As in, twenty-first century Earth casual.
All of them collapsed to the floor immediately, all but one vomiting their guts out onto the mossy floor of cracked tile, yet he was awfully close. It took them all a few seconds of clutching their heads and retching before they could look up at anything. Upon doing so, the first of them laid his eyes on Allen and the other four, all of them heavily armed and hidden behind masks and armor.
Allen glanced at the nametag of one of the boys, his brain stalling for a moment.
Name: [Unknown]
Human – [None] – Level: 1
Allen internally slapped his forehead. “Shit, they’re all fresh out of the fucking tutorial.” He raised a hand to say hi, but the action seemed to set the group of highschoolers off.
They screamed, flailing and desperately scrambling away, faces twisted in expressions of mortal terror. One of the guys fumbled to his feet first before blacking out after taking no more than a single step. Two of the girls clung to each other, screaming as they tried in vain to crawl away while slipping on vomit. Out of the remaining two, there was a nerdy looking kid with a wet spot between his legs, frozen in fear, and a girl wobbling to her feet in the middle of the group with a box cutter clutched in her trembling hands. Her face was the only one not covered in puke, yet she looked like she might break out in tears at any moment. She looked back at Allen, her eyes flicking very obviously between his mask and the space above his head where his nametag was floating.
“Uh, hi,” Allen started, waving his hand from side to side.
The girl with the boxcutter flinched. She didn’t lower her weapon, but there was a feint look of hope in her eyes. The other girls had stopped screaming, instead just looking on in morbid horror. The nerdy guy didn’t look relieved though, that is, not in the way that mattered.
“You’re just scaring them with your psycho eyes,” Amelia said as she pushed past Allen, her helmet stored again.
That seemed to be the queue for Ty, Camila, and Christopher to disarm and unmask themselves, which seemed to relieve the teenagers. They latched onto Amelia’s presence, either due to her Healer status, her appearance as a teenager herself, or both.

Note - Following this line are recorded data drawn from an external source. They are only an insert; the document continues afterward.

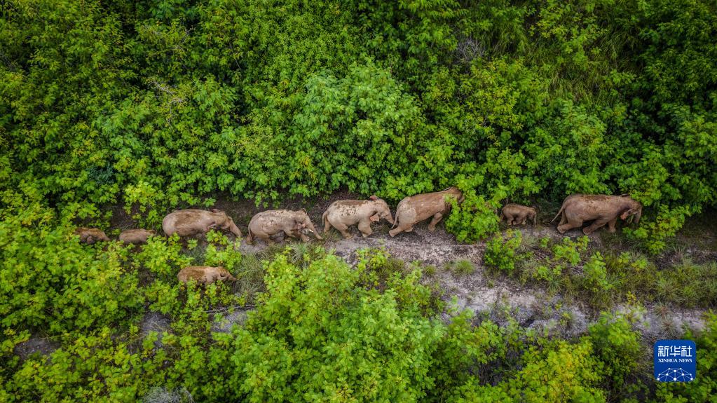 这是在云南省玉溪市元江县境内拍摄的象群(无人机照片,2021年8月9日摄)。新华社记者 胡超 摄
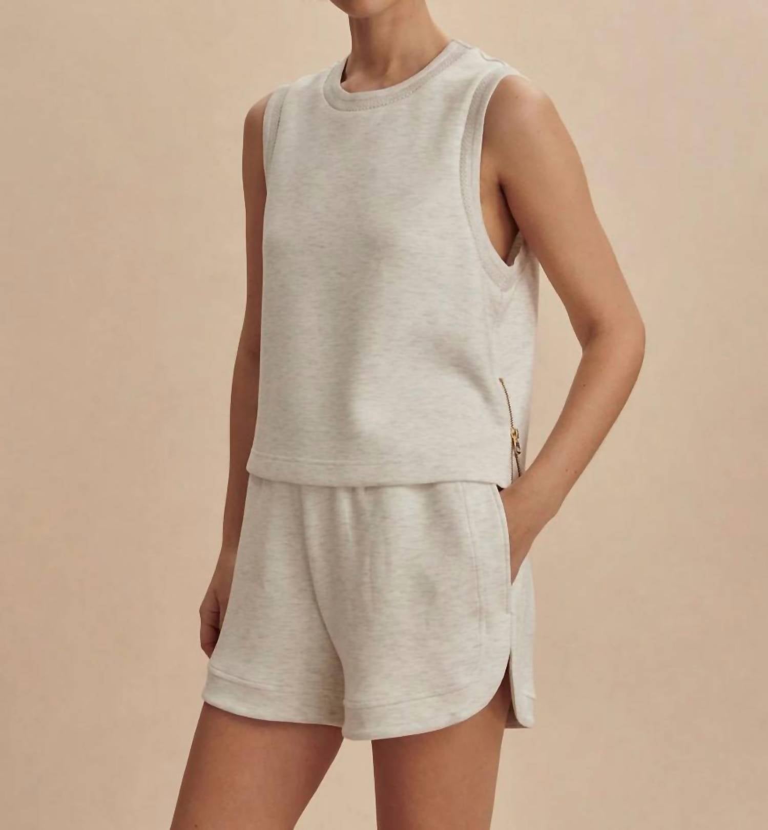 The perfect tank top for those warmer weather seasons. Explore effortless summer style with the Shea Crop Tank by VARLEY in a chic Ivory Marl. This sleeveless design is made from a luxurious blend of 81% Viscose, 15% Polyester, and 4% Elastane, featuring a timeless crew neck with detailed pointelle knitted trims, complemented by exposed side zips for an edgy touch. Crafted for comfort and style, it utilizes the signature DoubleSoft® fabric, making it the ideal choice for a minimalist vacation look. Closure: Pull on. Care: Machine wash cool, lay flat to dry.
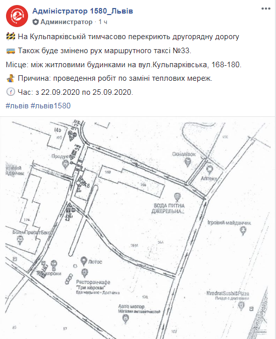“На Кульпарківській тимчасово перекриють другорядну дорогу. Також буде змінено рух маршрутного таксі №33. Місце: між житловими будинками на вул.Кульпарківська, 168-180. Причина: проведення робіт по заміні теплових мереж. Час: з 22.09.2020 по 25.09.2020. “, – зазначається у повідомленні на “Гарячій лінії міста Львова” у ФБ.
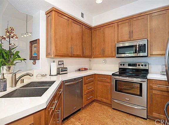 This private & serene detached home is located in the highly desirable guard-gated 55+ community of Palmia. This 1,325 sqft custom single-level floor plan includes 2 bedrooms plus a permitted sunroom/den/office! Enter the home from a gated courtyard on a quiet cul-de-sac. You're greeted by vaulted ceilings, a living room filled w/ sunlight, & luxurious cork flooring throughout. The kitchen's stainless steel Frigidaire Gallery series appliances, Caesarstone counter tops, bar seating, & openness to the dining area makes this home ideal for entertaining. The master bedroom includes a newly remodeled step-in pebble shower, separate water closet, dual sinks, & a sizable walk-in closet. Additional upgrades include new ceiling fans w/ lights, vinyl windows, new cabinetry throughout, plantation shutters, hallway built-in cabinets for extra storage, air conditioning, & newer sprinkler system. Relax all day on your pergola-shaded wraparound patio w/ no neighbor behind. This coveted address awards you w/ the gold standard of retirement living: Tennis Courts, 18-hole Putting Course, Paddle Tennis, Olympic-Size Heated Pool, Spa, Gym, Bocce Ball, Shuffleboard, Party Bridge, Duplicate, Ballroom/Theater, Table Tennis, Billiard Room, Card Room, Library, a 4-minute walk to the Clubhouse, Outdoor Olympic Size Heated Pool, & Sport Activities. Join numerous clubs for many interests including Acting, Wine Tasting, Opera, & Travel. No Mello Roos! This is your opportunity to own this masterpiece.
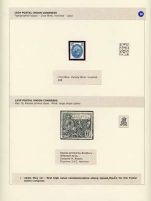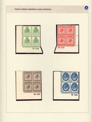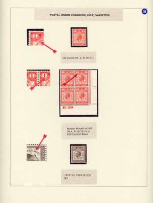 1929 Postal Union Congress mostly mint selection arranged on album pages including 1d variety ‘CO’ joined, control block of four with ‘BROKEN WREATH’', 1½d variety ‘1829’ for ‘1929’ with RPS Certificate (1985), £1 black and used 2½d ‘WATERMARK INVERTED’ with RPS Certificate (1995). Mostly good to fine. (35). SG 434/8
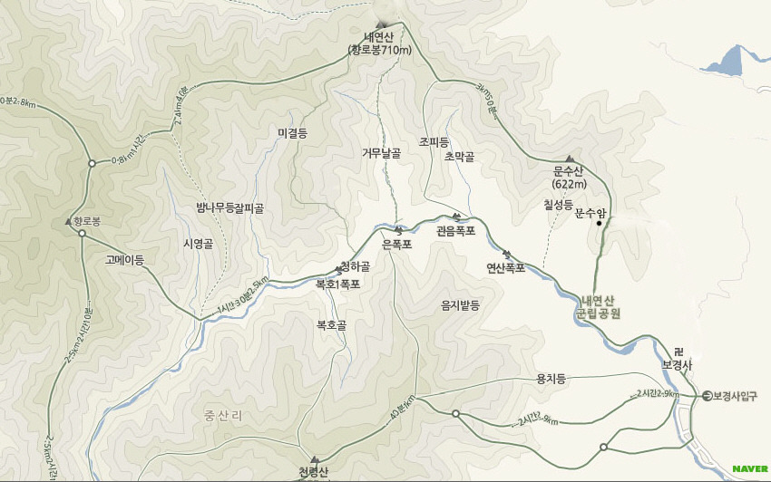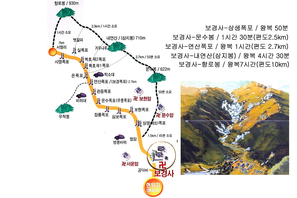 보경사-(50분)- 문수암 -(50분)- 문수봉- (1시간)- 정상(삼지봉) -(1시간 10분)-미결등 코스(은폭)-(20분)-은폭 -(1시간)- 보경사

That left Allen to hover behind her and the others, which was fine by him.
For all that he looked like one, Allen didn’t really like dealing with teenagers.

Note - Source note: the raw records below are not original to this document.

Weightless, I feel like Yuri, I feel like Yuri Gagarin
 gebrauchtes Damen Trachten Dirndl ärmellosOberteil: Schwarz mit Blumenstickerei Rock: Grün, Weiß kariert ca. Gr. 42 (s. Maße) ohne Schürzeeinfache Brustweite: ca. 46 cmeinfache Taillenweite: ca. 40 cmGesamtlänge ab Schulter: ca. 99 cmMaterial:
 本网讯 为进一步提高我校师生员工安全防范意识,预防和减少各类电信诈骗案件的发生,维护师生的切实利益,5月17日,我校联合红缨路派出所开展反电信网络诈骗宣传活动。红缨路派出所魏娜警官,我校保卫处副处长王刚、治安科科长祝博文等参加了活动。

“W-what’s going on?” The boxcutter girl asked, taking a step back as Amelia tried to approach.
The difference between the two young women was startlingly pronounced despite them both being blonde girls that looked to be around seventeen years old. One of them was covered to the neck in enchanted armor and robes fit for someone in the mid-level-three-hundreds, a dagger at either hip. The other was dressed in yoga pants, a tank top, and a pair of scuffed up sneakers.
“We’re not really sure either, but we aren’t going to hurt you,” Amelia said cautiously. “Why don’t you start by telling us how you got here. Maybe we can both learn something.
Allen looked down and caught a glimpse of the two other girls staring at him before they instantly averted their eyes. “I don’t… have psycho eyes,” he thought with a frown.